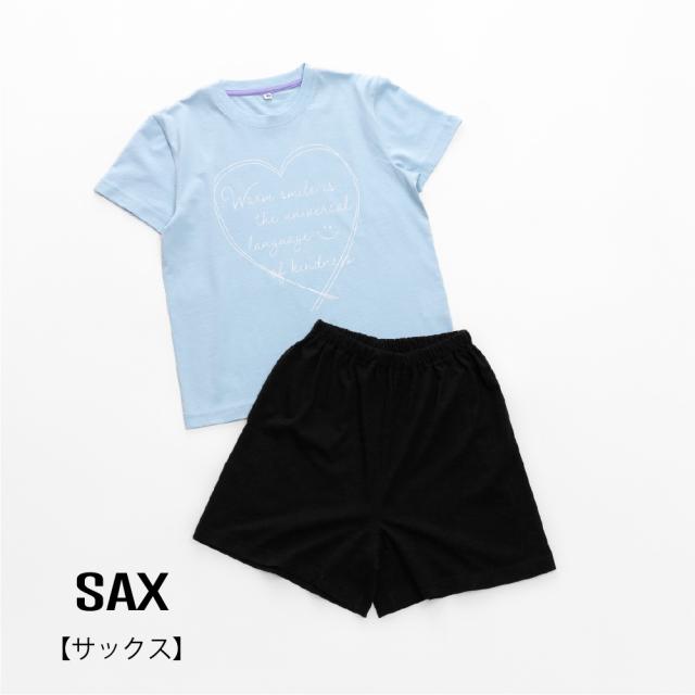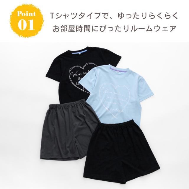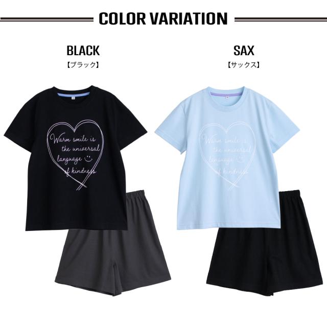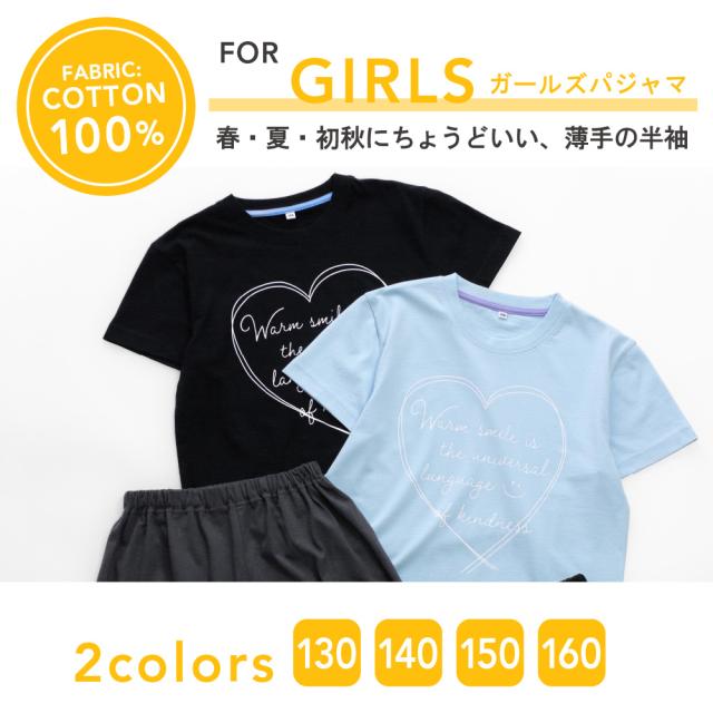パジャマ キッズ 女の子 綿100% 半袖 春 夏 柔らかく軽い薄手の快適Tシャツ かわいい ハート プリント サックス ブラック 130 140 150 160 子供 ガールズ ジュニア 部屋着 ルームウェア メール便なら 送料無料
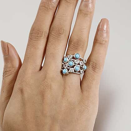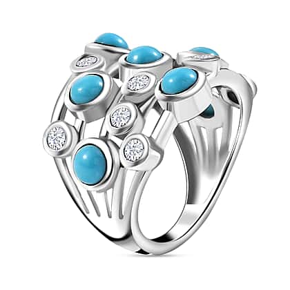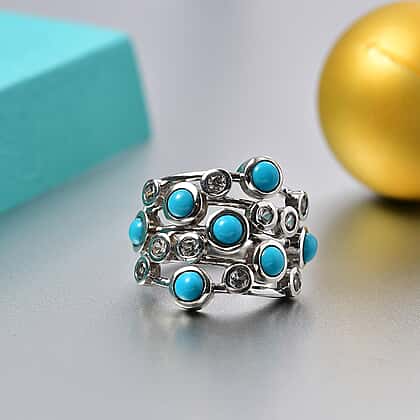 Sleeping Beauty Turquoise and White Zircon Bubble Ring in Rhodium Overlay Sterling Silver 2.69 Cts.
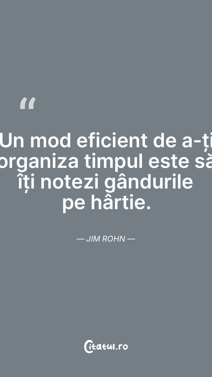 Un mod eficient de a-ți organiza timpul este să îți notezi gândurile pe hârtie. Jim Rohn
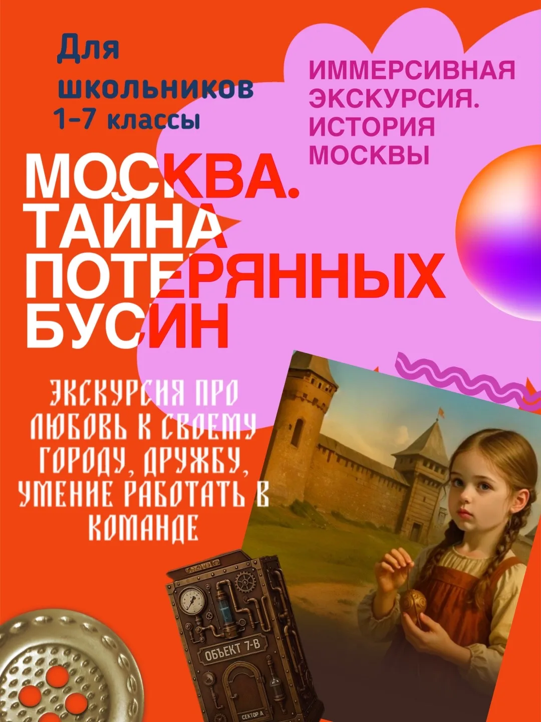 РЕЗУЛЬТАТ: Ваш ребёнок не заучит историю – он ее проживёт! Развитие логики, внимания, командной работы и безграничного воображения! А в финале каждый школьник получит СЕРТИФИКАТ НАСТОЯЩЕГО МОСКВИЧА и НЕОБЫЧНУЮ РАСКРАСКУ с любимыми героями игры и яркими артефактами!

---

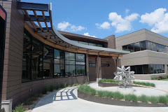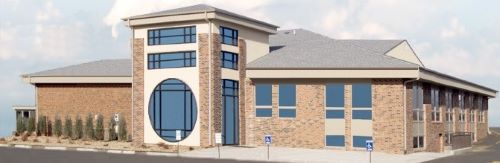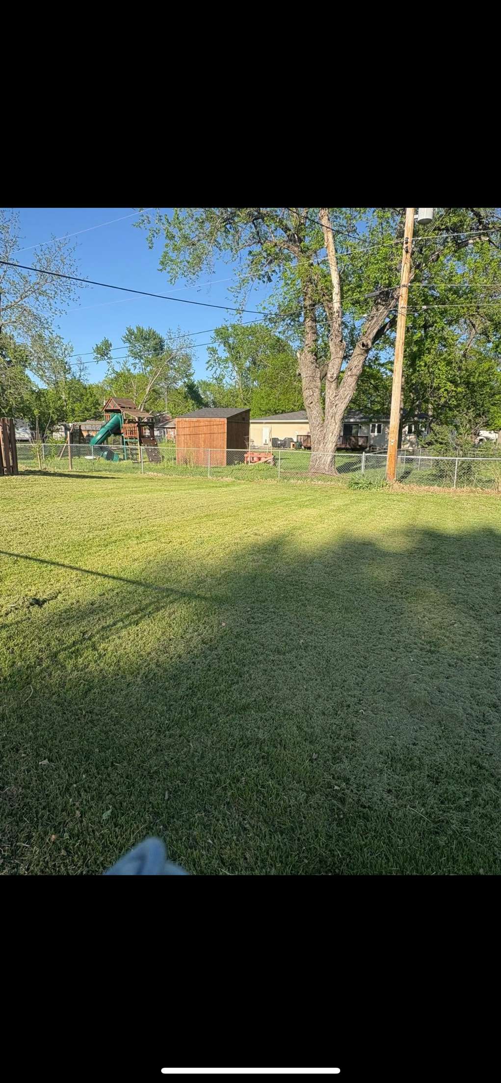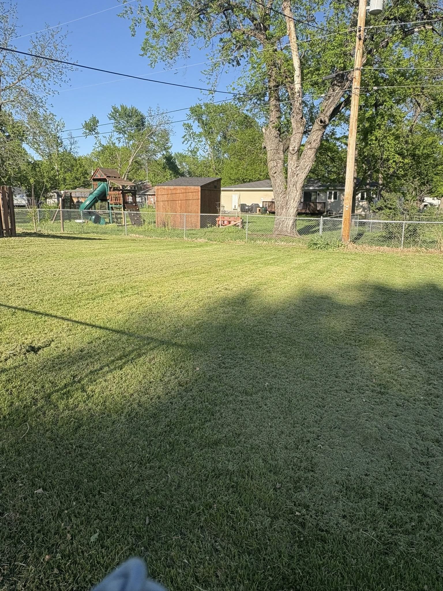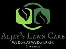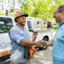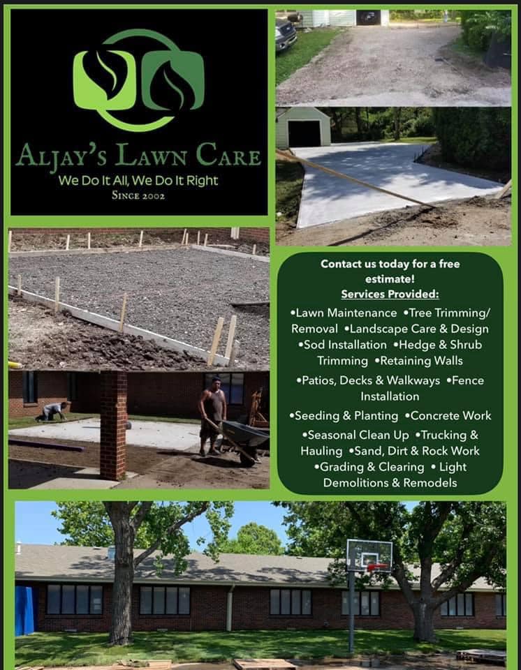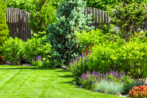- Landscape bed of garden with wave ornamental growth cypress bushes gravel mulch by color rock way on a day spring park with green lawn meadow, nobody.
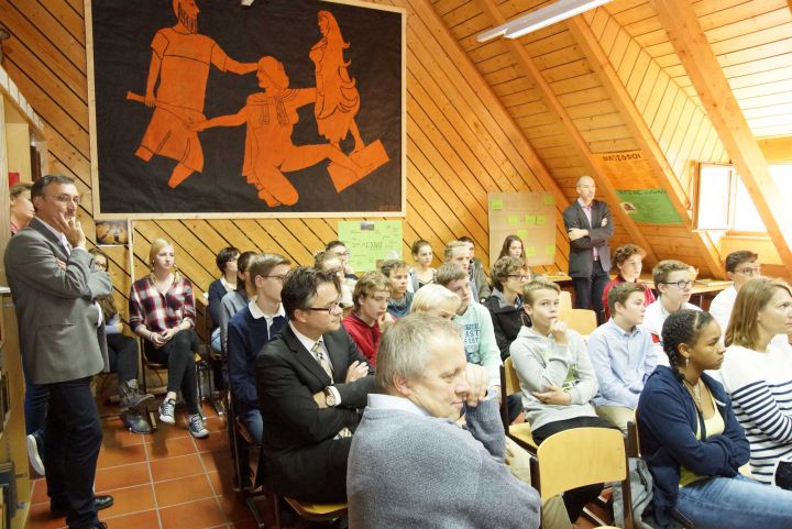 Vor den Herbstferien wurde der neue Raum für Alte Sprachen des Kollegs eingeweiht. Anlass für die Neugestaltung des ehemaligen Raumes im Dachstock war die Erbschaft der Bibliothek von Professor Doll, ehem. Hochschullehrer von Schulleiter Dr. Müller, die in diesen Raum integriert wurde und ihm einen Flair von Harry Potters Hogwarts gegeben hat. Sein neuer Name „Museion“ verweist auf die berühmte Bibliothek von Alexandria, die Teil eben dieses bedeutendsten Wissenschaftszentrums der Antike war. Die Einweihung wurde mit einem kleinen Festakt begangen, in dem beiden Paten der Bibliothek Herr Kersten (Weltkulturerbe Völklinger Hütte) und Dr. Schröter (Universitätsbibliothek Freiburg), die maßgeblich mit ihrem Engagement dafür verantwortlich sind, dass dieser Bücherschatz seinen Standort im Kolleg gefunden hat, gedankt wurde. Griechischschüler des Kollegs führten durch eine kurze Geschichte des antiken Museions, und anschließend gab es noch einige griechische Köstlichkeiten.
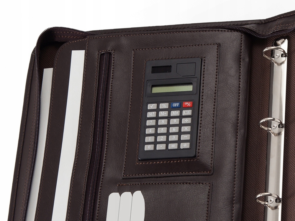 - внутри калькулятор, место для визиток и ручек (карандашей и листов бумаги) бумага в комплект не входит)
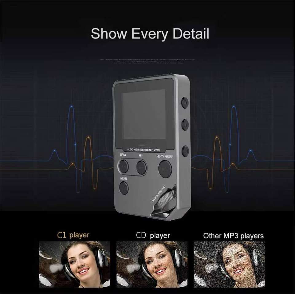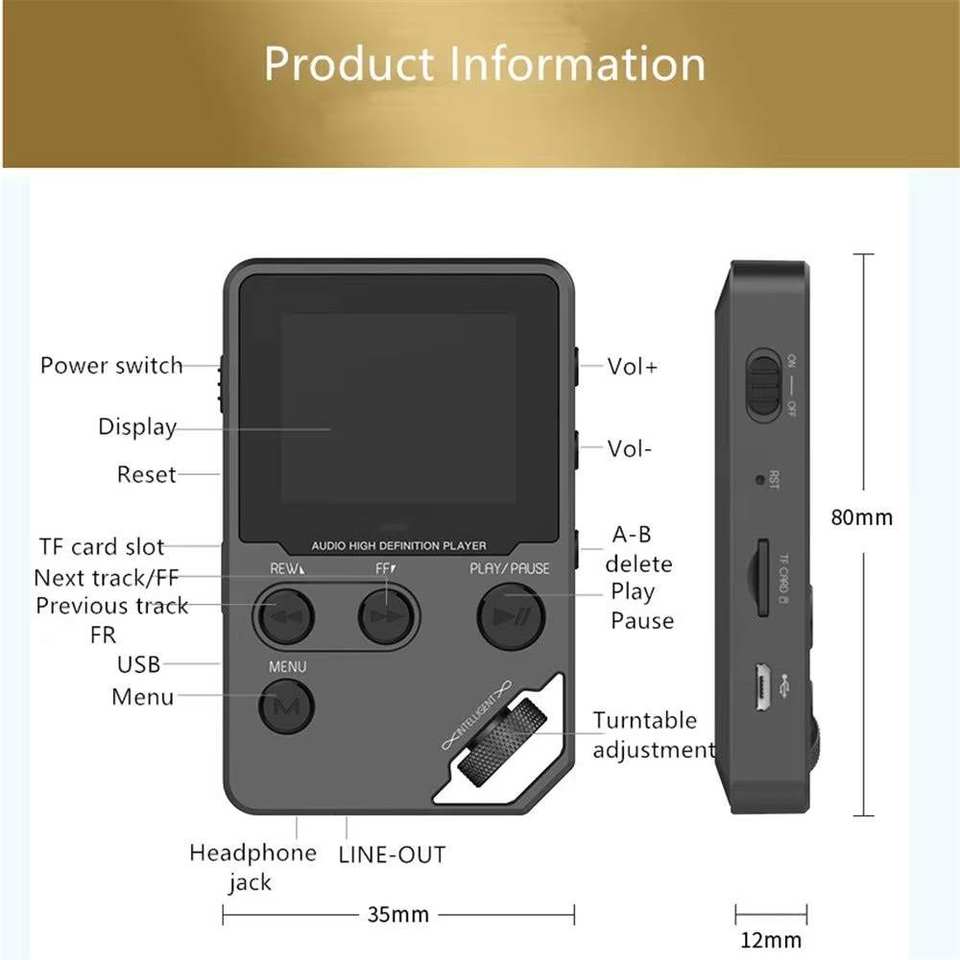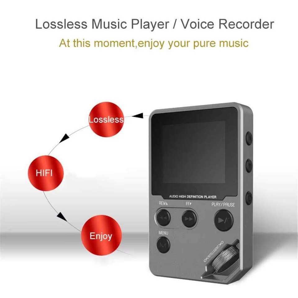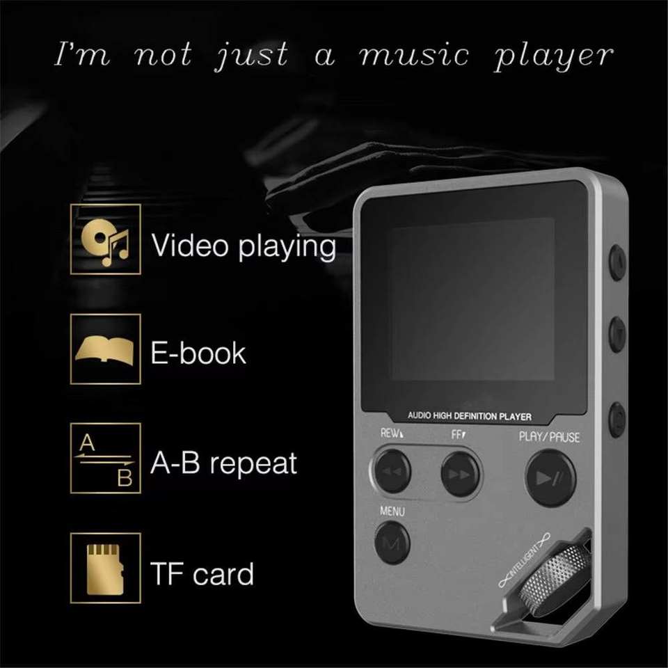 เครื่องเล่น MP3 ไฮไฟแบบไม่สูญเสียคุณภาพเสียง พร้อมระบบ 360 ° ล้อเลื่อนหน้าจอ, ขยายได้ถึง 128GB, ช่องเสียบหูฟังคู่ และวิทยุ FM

---

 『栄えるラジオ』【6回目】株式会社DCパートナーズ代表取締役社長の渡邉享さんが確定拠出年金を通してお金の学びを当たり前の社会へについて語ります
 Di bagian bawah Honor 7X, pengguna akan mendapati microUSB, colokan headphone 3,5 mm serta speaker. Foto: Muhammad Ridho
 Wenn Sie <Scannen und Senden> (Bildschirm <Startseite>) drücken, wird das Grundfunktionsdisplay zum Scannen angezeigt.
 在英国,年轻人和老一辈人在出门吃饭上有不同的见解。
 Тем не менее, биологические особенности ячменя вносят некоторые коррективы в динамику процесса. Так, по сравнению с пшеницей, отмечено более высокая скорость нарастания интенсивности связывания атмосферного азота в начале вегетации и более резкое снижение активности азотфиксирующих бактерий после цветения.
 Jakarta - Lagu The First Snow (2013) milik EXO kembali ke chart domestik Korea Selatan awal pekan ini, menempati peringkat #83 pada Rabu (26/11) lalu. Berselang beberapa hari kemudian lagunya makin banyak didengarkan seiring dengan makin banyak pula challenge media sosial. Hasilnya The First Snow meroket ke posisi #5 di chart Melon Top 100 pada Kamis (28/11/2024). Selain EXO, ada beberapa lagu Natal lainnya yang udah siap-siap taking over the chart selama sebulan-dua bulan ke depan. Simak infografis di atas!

---

EXERCISE PROMPT:
Using the entries above, give again exactly the lines from the line holding "在英国,年轻人和老一辈人在出门吃饭上有不同的见解。" through the line holding "Jakarta - Lagu". Include both end lines and nothing else.

SOLUTION FOR THIS EXERCISE:
 在英国,年轻人和老一辈人在出门吃饭上有不同的见解。
 Тем не менее, биологические особенности ячменя вносят некоторые коррективы в динамику процесса. Так, по сравнению с пшеницей, отмечено более высокая скорость нарастания интенсивности связывания атмосферного азота в начале вегетации и более резкое снижение активности азотфиксирующих бактерий после цветения.
 Jakarta - Lagu The First Snow (2013) milik EXO kembali ke chart domestik Korea Selatan awal pekan ini, menempati peringkat #83 pada Rabu (26/11) lalu. Berselang beberapa hari kemudian lagunya makin banyak didengarkan seiring dengan makin banyak pula challenge media sosial. Hasilnya The First Snow meroket ke posisi #5 di chart Melon Top 100 pada Kamis (28/11/2024). Selain EXO, ada beberapa lagu Natal lainnya yang udah siap-siap taking over the chart selama sebulan-dua bulan ke depan. Simak infografis di atas!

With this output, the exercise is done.